Fixing Spill inconsistency in MapRDB
While doing a consistency check we find one of the tablet "2236.32.131230" has problems and its consistency check is failing below are the steps to identify and fix the issue.
Caution :- Please do not run step 7 from this blog without consulting with MapR Support since the command is very low level command and needs to be executed with extreme caution.
While doing a consistency check we find one of the tablet "2236.32.131230" has problems and its consistency check is failing below are the steps to identify and fix the issue.
Caution :- Please do not run step 7 from this blog without consulting with MapR Support since the command is very low level command and needs to be executed with extreme caution.
1) Run consistency check as described in http://abizeradenwala.blogspot.com/2016/12/mapr-db-tablet-consistency-check.html , it would fail as below with an error.
maprcli debugdb checkTablet -fid 2236.32.131230 -startkey user5137029094653148843 -endkey user7197423315127484105 -tracefile t1
ERROR (10009) - fs rpc failed
2) Get the master node of container which holds the tablet.

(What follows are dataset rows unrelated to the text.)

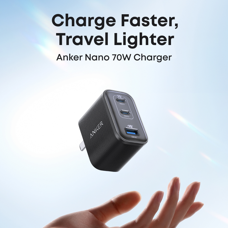 Hotel outlets, coffee-shop walls, co-working benches, the Anker Nano Charger 70W 3 Ports keeps a steady, low-profile connection where bulky bricks wobble. Despite having a compact and portable build, its ultra-stable slim design still powers up with 70W high-speed charging and supports backward compatibility with 67W and 65W devices.
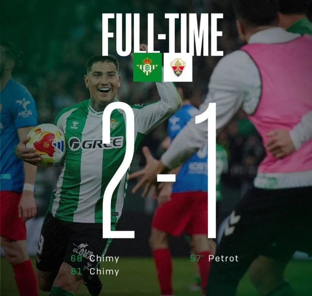 Hingga peluit panjang dibunyikan, skor 2-1 tetap bertahan untuk kemenangan Real Betis. Hasil ini menjadi modal penting bagi Betis untuk terus bersaing di papan atas klasemen La Liga. Sementara bagi Elche, kekalahan ini menjadi bahan evaluasi untuk memperbaiki konsistensi permainan di laga-laga berikutnya.
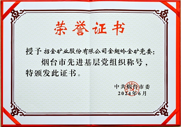 近日,煙台市召開全市“兩優一先”表(biǎo)彰會議,中共(gòng)91香蕉视频官网礦業股份有限公司金翅嶺金礦委(wěi)員會獲評煙台市“先進基層黨組織(zhī)”!
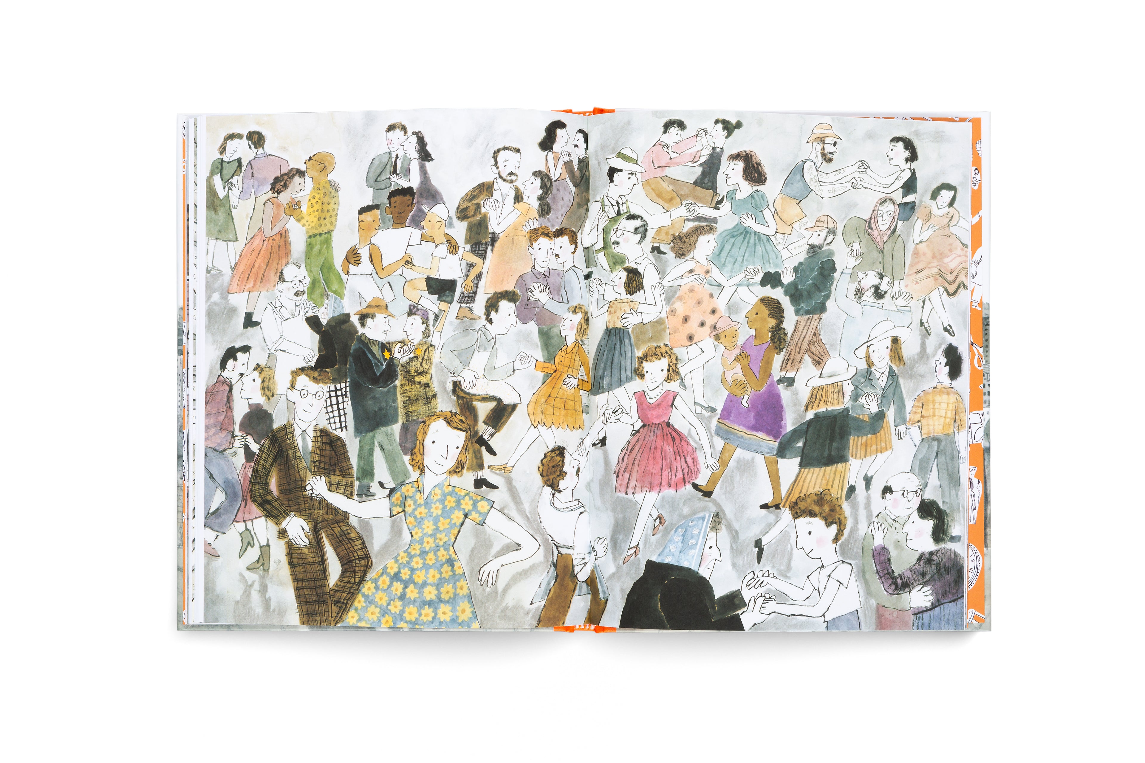 An open book on a white surface shows a full-spread watercolor illustration of a crowded dance floor. The scene is filled with a diverse group of people of various ages and ethnicities, all joyfully dancing together in couples and small groups.
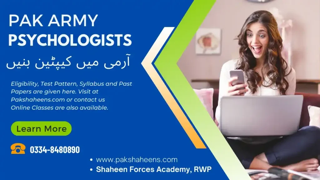 If you want to join Pak Army Psychologists job then see here basic eligibility criteria, test pattern, syllabus of initial tests, free practice tests, past papers and main responsibilities of Army Psychologists.
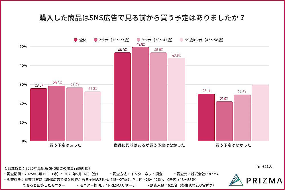 購入した商品はSNS広告で見る前から買う予定があったかを聞いたところ、全体では最多が「商品に興味はあるが買う予定はなかった」で46.9%、続いて「買う予定があった」が28.0%、「買う予定はなかった」が25.1%だった。「商品に関心はあるが検討段階だった層を、広告が後押ししている様子がうかがえる」(PRIZMA)
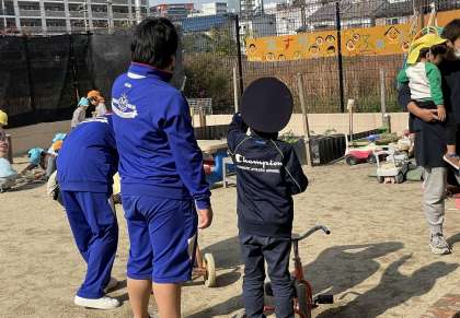 あすか保育園にて、校庭で一緒に遊びながら学んでいます。

maprcli dump containerinfo -ids 2236 -json
{
"timestamp":1482450014994,
"timeofday":"2016-12-22 03:40:14.994 GMT-0800",
"status":"OK",
"total":1,
"data":[
{
"ContainerId":2236,
"Epoch":5,
"Master":"10.10.70.177:5660--5-VALID",
"ActiveServers":{
"IP:Port":[
"10.10.70.110:5660--5-VALID",
"10.10.70.109:5660--5-VALID",
"10.10.70.111:5660--5-VALID"
3) Now look at /opt/mapr/logs/mfs.log-3 on the master node of the container below errors are logged which point at the issue i.e issue in reading spill 2236.2319.147898
2016-12-22 15:38:15,2490 ERROR DB db/mfsread.cc:240 ***********FileRead RPC 2236.2319.147898 failed: 116 -----> RPC error occurred since read RPC failed
2016-12-22 15:38:15,2491 ERROR DB tabletrangecheck.cc:3222 CheckSpillHeaderReadSME : read of spill 2236.2319.147898 failed 116
2016-12-22 15:38:15,2491 ERROR DB tabletrangecheck.cc:1708 TabletRangeCheckSpillmapProcess : child error 116 for spillmap 2236.2299.147866
2016-12-22 15:38:15,2491 ERROR DB tabletrangecheck.cc:1417 TabletRangeCheckSegmapProcess : child error 116 for segmap 2236.1747.134662
4) From tablet Fid we need to get segment fid 2236.1747.134662 which is also printed in the in above mfs.log-3
maprcli debugdb dump -fid 2236.32.131230
value key
{"value":{}} endkey.user7197423315127484105
{"value":{"segfid":"<parentCID>.1747.134662","isFrozen":false,"inSplit":false,"useBucketDesc":true,"lastFlushedBucketFid":"2236.968.145294","numLogicalBlocks":174220,"numPhysicalBlocks":91527,"numRows":76195,"numRowsWithDelete":0,"numRemoteBlocks":0,"numSpills":868,"numSegments":323}} pmap.user5137029094653148843
{"value":{"segfid":"<parentCID>.1748.134664","isFrozen":false,"inSplit":false,"useBucketDesc":true,"lastFlushedBucketFid":"2236.687.144732","numLogicalBlocks":179179,"numPhysicalBlocks":94082,"numRows":78300,"numRowsWithDelete":0,"numRemoteBlocks":0,"numSpills":873,"numSegments":342}} pmap.user5666253514688897233
{"value":{"segfid":"<parentCID>.1176.133520","isFrozen":false,"inSplit":false,"useBucketDesc":true,"lastFlushedBucketFid":"2236.1516.146388","numLogicalBlocks":390865,"numPhysicalBlocks":179574,"numRows":142771,"numRowsWithDelete":0,"numRemoteBlocks":0,"numSpills":2421,"numSegments":677}} pmap.user6214000520416211177
{"value":{}} startkey.user5137029094653148843
5) Now from segment fid get the spill map for the spill.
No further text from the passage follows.